Segment Start: Recorded information

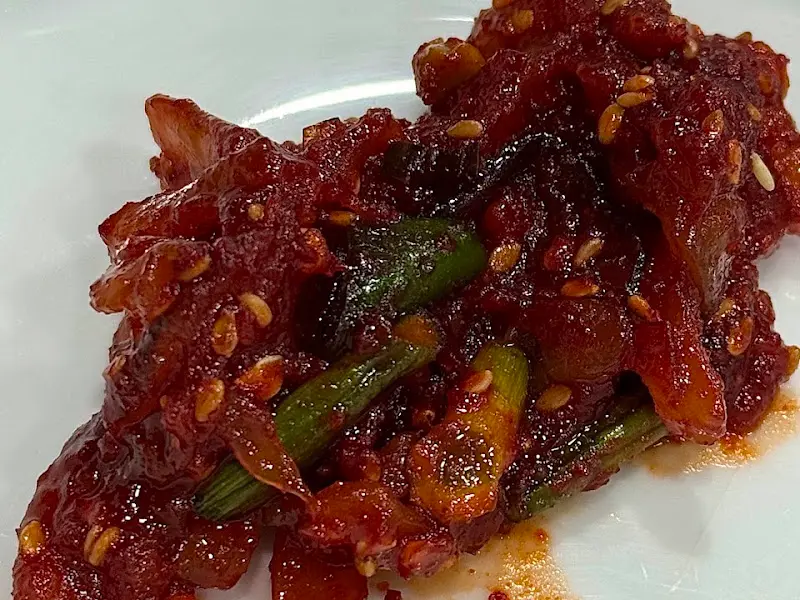특히 눈길을 끌었던 것은 오징어 젓갈이었다. 잘게 썰린 오징어와 매콤한 양념이 어우러져 보기만 해도 입맛이 다셔졌다. 젓가락으로 한 점 집어 맛보니, 짭짤하면서도 매콤한 맛이 일품이었다. 밥 위에 올려 먹으니 정말 꿀맛이었다.
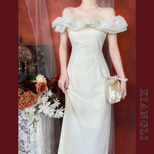 巷里法式 赫本一字肩拼接显瘦气质订婚小礼服长裙 复古连衣裙女夏装
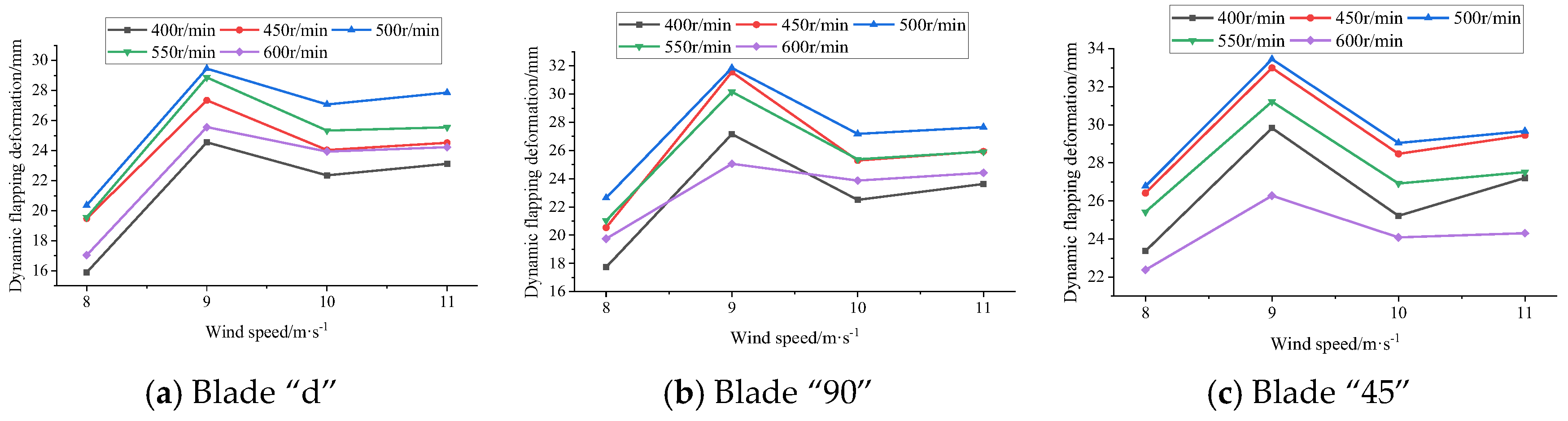 1]. Blade deformation is divided into waving deformation, torsion deformation, and oscillation deformation, of which the amount of oscillation deformation and torsion deformation is relatively small. Wind turbine operating conditions have a certain effect on blade deformation [

Segment End: Recorded information

= Task goal =
Without any pictures, print the whole listing again exactly as it stands.

= Task output =
특히 눈길을 끌었던 것은 오징어 젓갈이었다. 잘게 썰린 오징어와 매콤한 양념이 어우러져 보기만 해도 입맛이 다셔졌다. 젓가락으로 한 점 집어 맛보니, 짭짤하면서도 매콤한 맛이 일품이었다. 밥 위에 올려 먹으니 정말 꿀맛이었다.
 巷里法式 赫本一字肩拼接显瘦气质订婚小礼服长裙 复古连衣裙女夏装
 1]. Blade deformation is divided into waving deformation, torsion deformation, and oscillation deformation, of which the amount of oscillation deformation and torsion deformation is relatively small. Wind turbine operating conditions have a certain effect on blade deformation [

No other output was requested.